_Your instructions_. As the answer, give exactly the lines of the records below from the one with "陸上自衛隊、令和8年2月における逮捕・送致の実績を公開(4月10日)" through the one with "Estimados todos, por", ends included and pictures left out.

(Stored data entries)
================
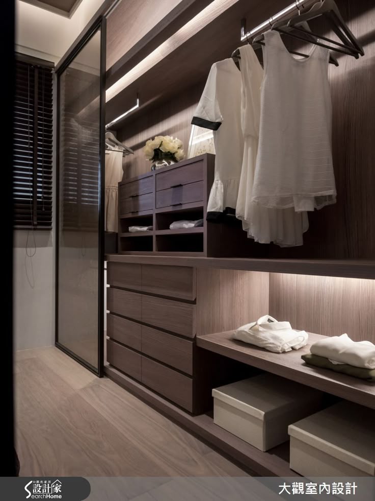 Выбор в пользу линейной гардеробной делается благодаря ее компактности и возможности выполнения в едином стиле со спальным гарнитуром.
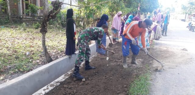 Di lokasi, Sertu Sugeng Ariono tidak hanya mengarahkan, tetapi juga ikut memegang alat sekop dan cangkul guna meratakan material yang ada.
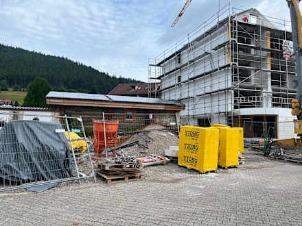 Blockhaussaunen, mitten im Bauschutt und Baumaterialien
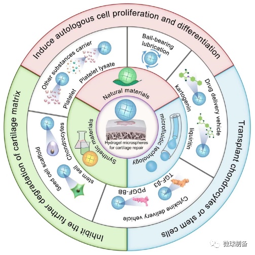 水凝膠微球在軟骨修復和再生中的應用示意圖
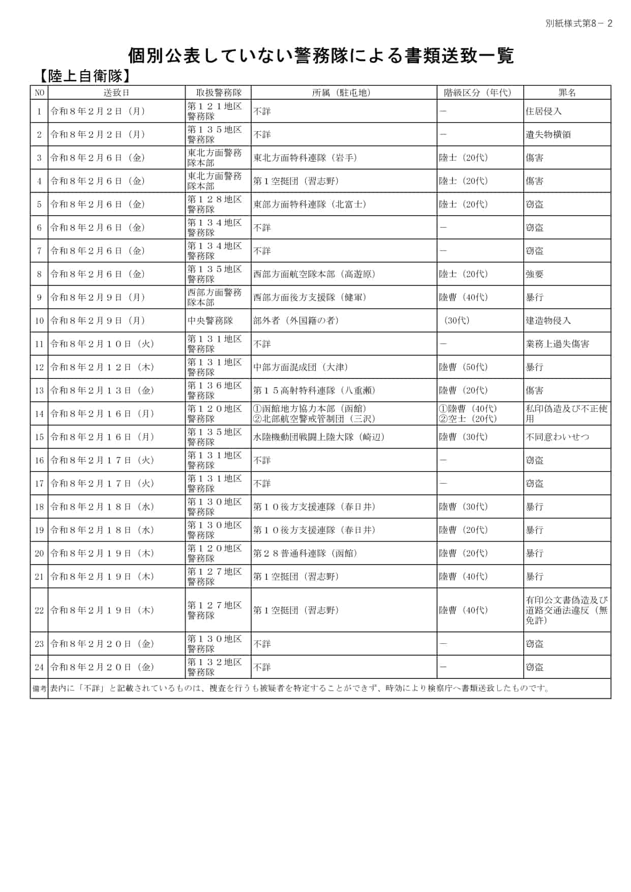 陸上自衛隊、令和8年2月における逮捕・送致の実績を公開(4月10日)
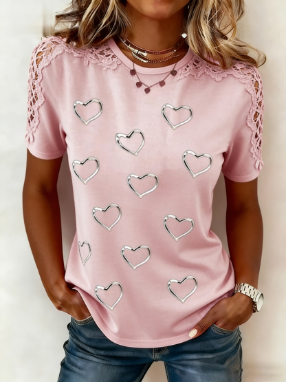 Women's Lace-Paneled Love Heart Print Casual Tee
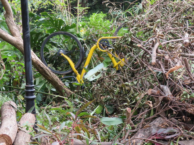 與廢棄樹枝堆成一團的共享單車 深圳論壇網友“noelam”攝
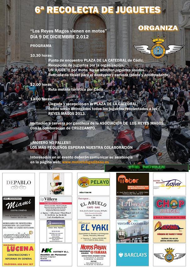 Estimados todos, por noveno año consecutivo el MOTO CLUB GADITANO demuestra su faceta más solidaria y se suma a la ilusión y el compromiso contraído con los niños gaditanos.Así, el próximo día 19 de DICIEMBRE, sábado (el domingo hay elecciones y habría problemas por tema de seguridad) nos volvemos a reunir en LA PLAZA DE LA CATEDRAL DE CÁDIZ para organizar la ya tradicional Recolecta de Juguetes “LOS REYES MAGOS VIENEN EN MOTOS”.
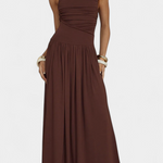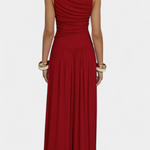 Minimaliste mais percutante, la robe Maddy combine un design sans manches avec un délicat drapé latéral qui met subtilement en valeur la silhouette. Sa coupe longue et fluide ajoute de l'élégance à chaque mouvement, tandis que le décolleté droit apporte une touche contemporaine et sophistiquée. Une pièce polyvalente qui s'adapte facilement des événements formels aux dîners au crépuscule.
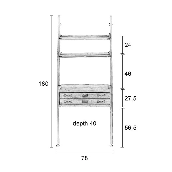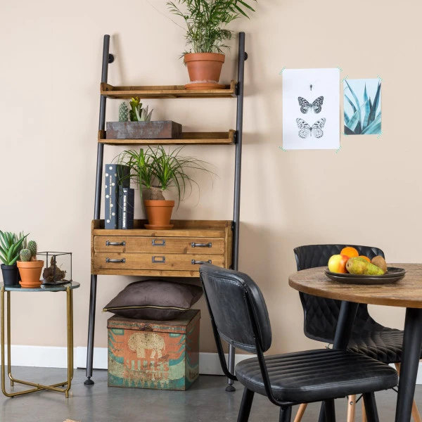 Dit wandrek van metaal met hout is eigenlijk een mix tussen een decoratieve ladder en een kastje. Op de twee bovenste planken kun je plantjes en leuke decoraties kwijt, terwijl er in de twee lades plaats is voor losse rommeltjes. Zo ziet je woonkamer er voortaan gezellig opgeruimd uit! Op de plank van hout boven de lades is bovendien ruimte voor hoge boeken, maar ook voor wijnflessen of een mooie vaas.
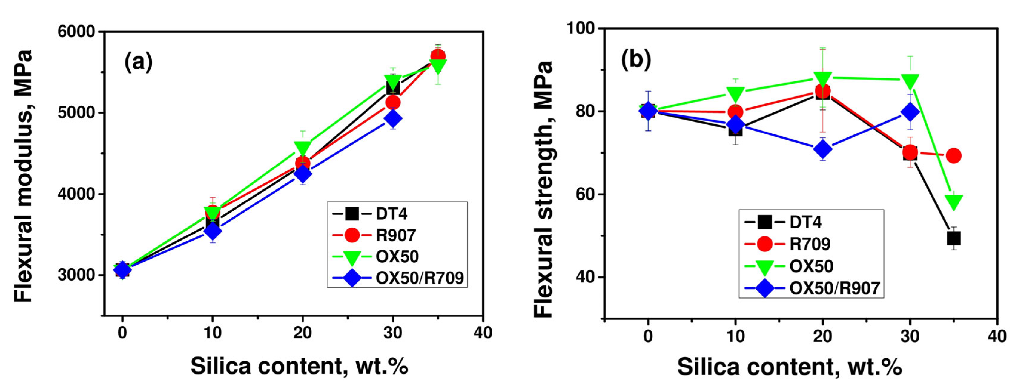 Figure 6. Dependence of the flexural modulus (a) and flexural strength (b) on the filler content for composites containing different types of silica: DT4, OX50, R709, and a 1:1 mixture of OX50 and R709. The lines are guides to the eye.
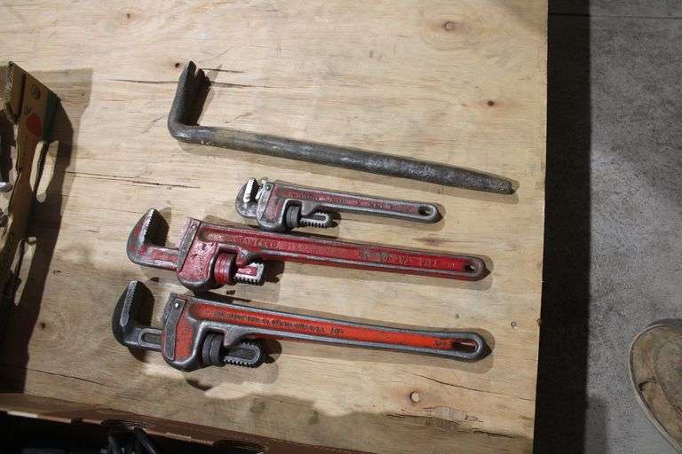 LOT 697 - 3 pipe wrenches & HD bar
================
_Written solution_.
 陸上自衛隊、令和8年2月における逮捕・送致の実績を公開(4月10日)
 Women's Lace-Paneled Love Heart Print Casual Tee
 與廢棄樹枝堆成一團的共享單車 深圳論壇網友“noelam”攝
 Estimados todos, por noveno año consecutivo el MOTO CLUB GADITANO demuestra su faceta más solidaria y se suma a la ilusión y el compromiso contraído con los niños gaditanos.Así, el próximo día 19 de DICIEMBRE, sábado (el domingo hay elecciones y habría problemas por tema de seguridad) nos volvemos a reunir en LA PLAZA DE LA CATEDRAL DE CÁDIZ para organizar la ya tradicional Recolecta de Juguetes “LOS REYES MAGOS VIENEN EN MOTOS”.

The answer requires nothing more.